◆ AVAILABLE DATA
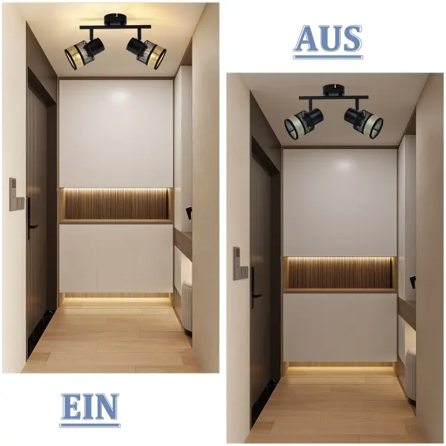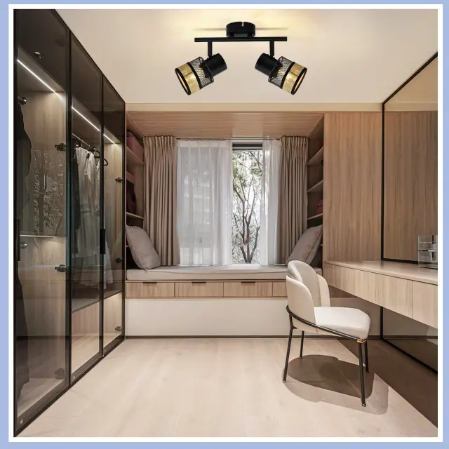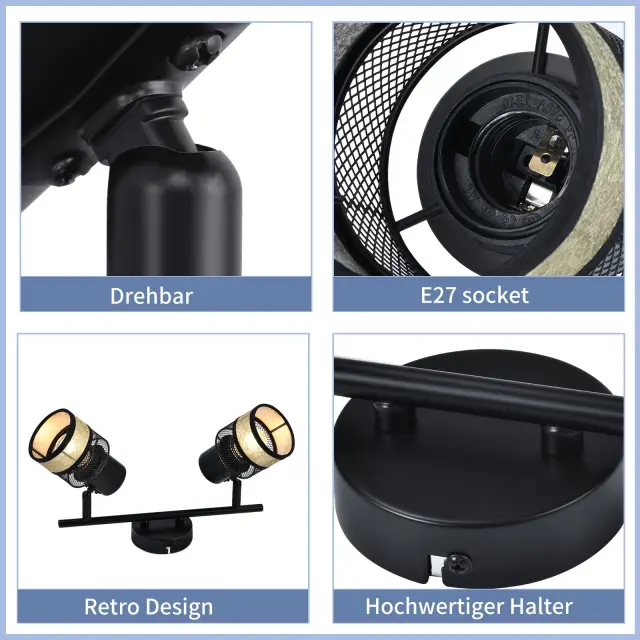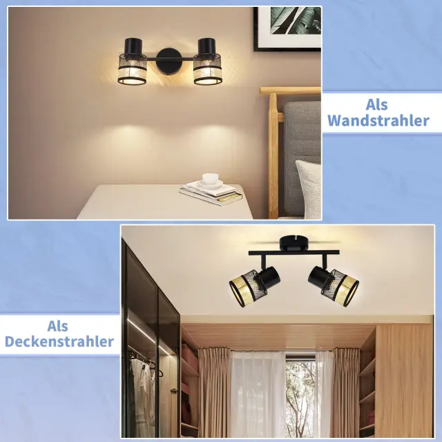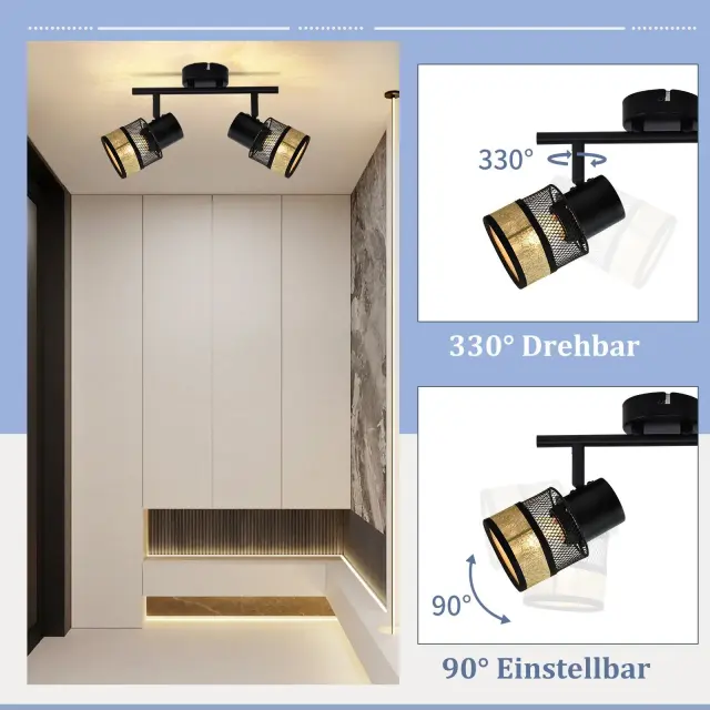NETTLIFE Stropna svetilka z 2 reflektorjema, max 25W, kovinska, E27, črna, vintage, za hodnik, 330 z zlatim senčnikom iz blaga
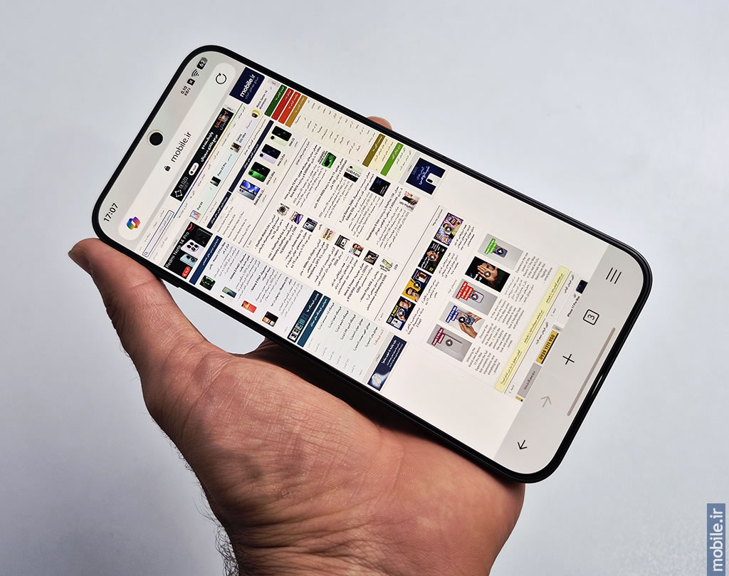 از کیفیت صفحهنمایش و میزان روشنایی آن کاملاً رضایت داشتیم و زیر نور خورشید و در تاریکی مطلق نیز همچنان شرایط مطلوبی را ارائه میکند. نرخ رفرش 120 هرتز بهخوبی در شرایط مختلف تغییر کرده و حین نمایش یک محتوای ثابت به 1 هرتز نیز میرسد و بدینترتیب در مصرف انرژی صرفهجویی میکند. از کیفیت رنگ این پنل در حالت پیشفرض نیز رضایت داشتیم و برخلاف بسیاری از رقبا سعی در اشباع بالاتر و اغراقشدگی در رنگ نمیکند. حاشیههای بسیار نازک اطراف صفحهنمایش شایسته یک پرچمدار بزرگ است و نسبت صفحهنمایش به بدنه (display-to-body ratio) بالایی را ارائه میدهد.
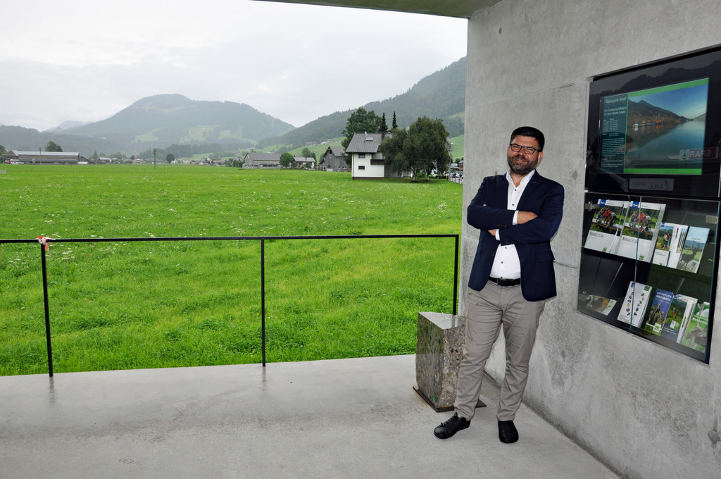 Wie ein Bilderrahmen wirkt der neue Infopoint „Ein.Blick“ des Naturparks Nagelfluhkette.
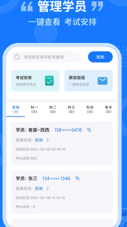 1、是一款面向驾校教练的移动应用程序,它提供了一系列功能和服务。

◆ YOUR INSTRUCTIONS
Your answer must be an exact copy of the lines from the line with "از کیفیت صفحهنمایش" to the final line of the data, both ends included, and no pictures.

◆ EXERCISE RESULT
 از کیفیت صفحهنمایش و میزان روشنایی آن کاملاً رضایت داشتیم و زیر نور خورشید و در تاریکی مطلق نیز همچنان شرایط مطلوبی را ارائه میکند. نرخ رفرش 120 هرتز بهخوبی در شرایط مختلف تغییر کرده و حین نمایش یک محتوای ثابت به 1 هرتز نیز میرسد و بدینترتیب در مصرف انرژی صرفهجویی میکند. از کیفیت رنگ این پنل در حالت پیشفرض نیز رضایت داشتیم و برخلاف بسیاری از رقبا سعی در اشباع بالاتر و اغراقشدگی در رنگ نمیکند. حاشیههای بسیار نازک اطراف صفحهنمایش شایسته یک پرچمدار بزرگ است و نسبت صفحهنمایش به بدنه (display-to-body ratio) بالایی را ارائه میدهد.
 Wie ein Bilderrahmen wirkt der neue Infopoint „Ein.Blick“ des Naturparks Nagelfluhkette.
 1、是一款面向驾校教练的移动应用程序,它提供了一系列功能和服务。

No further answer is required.